How We Score CIS Subcontractor Risk: A Methodology Note

The legal question the Finance Bill 2025 asks is, in form, an evidential one: given the information reasonably available, what did the contractor know, and did they act in proportion to it?

This note sets out how we approach that question at Tax Radar. It explains why a transparent, multi-source scoring framework is a better fit for the legal standard than either a checklist or a black-box model, what categories of signal we treat as informative, how those signals are calibrated, and what is deliberately out of scope.

1. Why checklists are insufficient

Standard CIS due diligence relies on verifying a small set of attributes at onboarding: registration status, identity, basic credentials. The structure of this approach has three weaknesses.

It treats subcontractors as point observations. Each one is evaluated in isolation and at a single moment in time. The window between a subcontractor’s last verification and HMRC’s first enquiry is precisely where the “should have known” test bites, and a checklist sees nothing in that window.
It assumes signals are reliable on their face. A subcontractor engaged in fraud has every incentive to pass an obvious check. The dangerous cases tend to be the ones that look ordinary at the point of verification.
It conflates absence of a flag with evidence of compliance. Absence of a flag is evidence of nothing in particular, unless the system has actively looked for, and failed to find, specific patterns.

In every detection domain, whether card fraud, AML, or sanctions screening, these three weaknesses produce the same failure mode: the system catches the obvious cases and misses the costly ones.

2. The legal standard, as a system requirement

The “knew or should have known” standard, expressed operationally, requires a contractor to demonstrate two things:

They had access to a reasonable set of risk signals.
They acted on those signals in proportion to what the signals suggested.

Three implications follow, and they shape every design decision in our engine.

The audit trail is the deliverable, not the score. HMRC and the courts assess the contractor’s response to the information they had. The score is an input to that response, not a substitute for it. Every assessment we generate is paired with a structured, time-stamped record of the factors that drove it, retained for seven years.
Explainability is not optional. A score without an attributable rationale is not a defence. Under GDPR Article 22, automated decisions that materially affect a data subject must be accompanied by meaningful information about the logic involved. A black-box model fails that test by construction.
Proportionate scrutiny in the presence of moderate evidence is reasonable care. The system must therefore distinguish gradations rather than merely “pass” and “fail”, and tie each gradation to a defined action.
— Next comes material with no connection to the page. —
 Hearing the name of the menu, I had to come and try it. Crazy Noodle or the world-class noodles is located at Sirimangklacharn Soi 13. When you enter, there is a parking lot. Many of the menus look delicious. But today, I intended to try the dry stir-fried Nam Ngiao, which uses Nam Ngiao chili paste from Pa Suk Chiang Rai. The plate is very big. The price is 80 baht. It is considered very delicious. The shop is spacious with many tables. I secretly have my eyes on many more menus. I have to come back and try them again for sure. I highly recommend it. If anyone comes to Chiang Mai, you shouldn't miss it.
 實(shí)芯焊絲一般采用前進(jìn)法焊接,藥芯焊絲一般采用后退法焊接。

These three constraints are why we built a calibrated, transparent rule engine rather than a learned classifier. A learned model could in principle catch more subtle patterns, but at the current stage we judge the explainability cost to outweigh the marginal gain. The engine is a calibrated rule framework by deliberate choice, not by default.
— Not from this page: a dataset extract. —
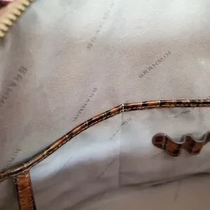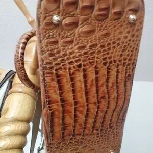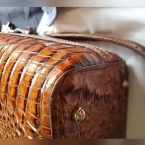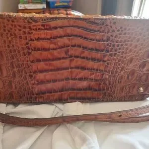 Elevate your style with this chic crocodile embossed leather satchel. The rich toasted almond color adds a touch of sophistication to any outfit. Perfect for any occasion. Long strap, Brahmin cover bag and purchase tag included. Very gently used.
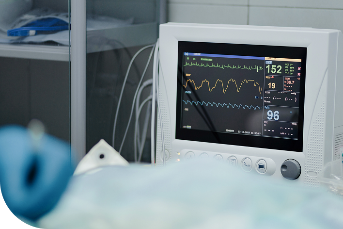 실시간으로 혈압, 심전도, 산소포화도, 맥박 등 환자 상태를 체크하고, 응급키트와 산소공급장치 등 이 구비되어 있어 더욱 안전한 치료가 가능합니다.

3. What we look at, and why

Our engine combines signals from a small number of authoritative sources. Each one is independently maintained, periodically refreshed, and carries known evidential weight in HMRC and tribunal proceedings.

Identity, status, and registration

HMRC CIS verification confirms whether a subcontractor is registered and which deduction rate applies (Gross, Standard, or Higher). The tax treatment is informational rather than scored, but its absence, when registration would be expected, is itself a flag.
HMRC VAT verification (Notice 726 compliance) is performed on every subcontractor with a VAT number. De-registration, mismatched names, and invalid formats are weighted distinctly from “check unavailable”, because the evidential value of each is different.
Companies House provides company status, filing currency, officer history, PSC structure, and insolvency status.

Director-level signals

OFSI sanctions screening runs against the consolidated list with calibrated fuzzy matching, tuned conservatively against known true positives and negatives. A match is the highest single contribution to the score.
HMRC Deliberate Tax Defaulters list is screened with the same fuzzy-matching approach. False negatives on this list carry the highest legal cost, so the threshold is set conservatively.
Companies House Disqualified Directors register is screened on every director. Engaging a disqualified director is a criminal offence under the Company Directors Disqualification Act 1986, which is reflected in the weight assigned to a match.

Phoenix indicators

Phoenix activity rarely shows itself in any single field. We score it from a combination of:

dissolved company counts in a director’s recent history
an unusually high number of concurrent or recent directorships
rapid sequential incorporation patterns over a defined recent window
company age, with sharper weighting for very recently incorporated entities
officer turnover and rapid officer churn within a defined recent window

No single one of these is sufficient. The combination is what carries signal, and the combination is what the engine is designed to surface.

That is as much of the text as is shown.